Lewinsky ile olan hikaye Hillary için büyük bir darbe oldu, çünkü ilk başta her şeyi reddeden kocasına inandı ve olanlardan sonra ona yalan söylemeyeceğini düşündü. Ama aynı zamanda gücünü ve gücünü de verdi: birçok meslektaş, ihanetle ilgili her skandaldan sonra, Hillary'nin bir süre için, affedilmek istiyormuş gibi, ona tek bir soruyu reddedemeyen Bill üzerinde muazzam bir güç aldığını söyledi.
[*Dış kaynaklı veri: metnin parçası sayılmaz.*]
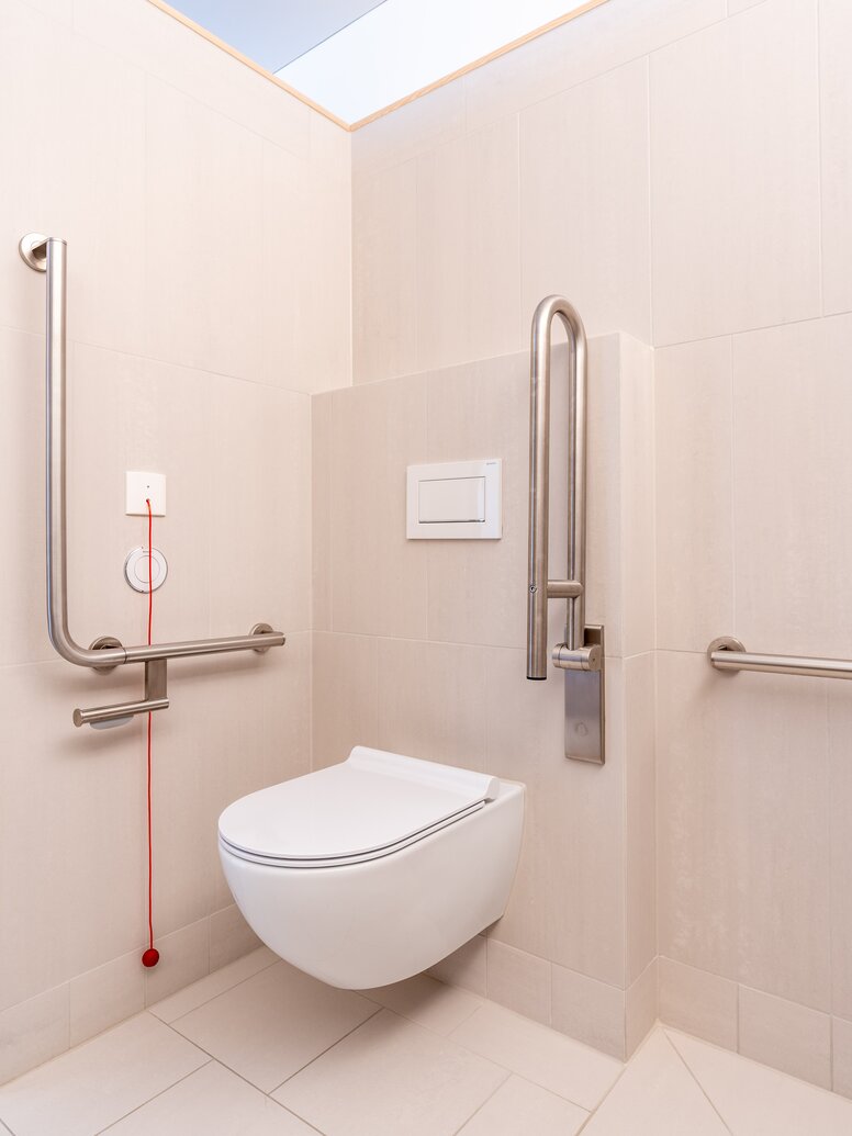 Im Rahmen der Modernisierung des Pflegeheims Jesuheim sorgen die barrierefreien HEWI Lösungen für mehr Selbstständigkeit und Sicherheit im Alltag der Bewohnerinnen und Bewohner.

Bu aşağılayıcı hikayeden muzaffer çıktı: Clinton başkanlığının bitiminden önce bile, First Lady, New York eyaletinden bir senatör oldu ve o andan itibaren kariyeri zaten tamamen bağımsızdı ve Bill'in sadece harekete geçmesi gerekiyordu. cumhurbaşkanlığı kampanyası sırasında iyi yaptığı ve iyi yaptığı bir danışman ve asistan olarak.


Karizması olmayan bir muhafazakar mı yoksa tutkulu bir aile koruyucusu mu?

Clinton genellikle söyleminde gösterişten yoksun olmakla suçlanır: Obama veya Bill ile karşılaştırıldığında, konuşmaları daha az etkileyicidir, ancak konuşmalarında uzun yıllardır inatla sürdürdüğü kesişen temalar vardır. Seçmenler genellikle kendini tutma şekli ve sesinden çok, kendinden emin konuşmasıyla cezbedilir.

En sevdiği konu aile ve çocuk koruma. Hillary'nin annesi kabus gibi zor bir çocukluk geçirdi ve kendisi de bir çocukken, izcilik ve kilise yardım etkinlikleri sırasında fakir Afrikalı Amerikalı ailelerin hayatını görerek etkilendi - Rodham ailesinin yaşadığı bölgede böyle bir şey yoktu. Hillary, hukuk fakültesinin ilk yıllarından beri çocuk hakları, evlat edinme ve yetimler konusuyla ilgilendi, Arkansas'ta okul reformunu denetledi ve bundan asla geri adım atmadı, ki bu iyi bir şekilde kanıtlanmıştır. mevcut kampanyasının tanıtım videosu.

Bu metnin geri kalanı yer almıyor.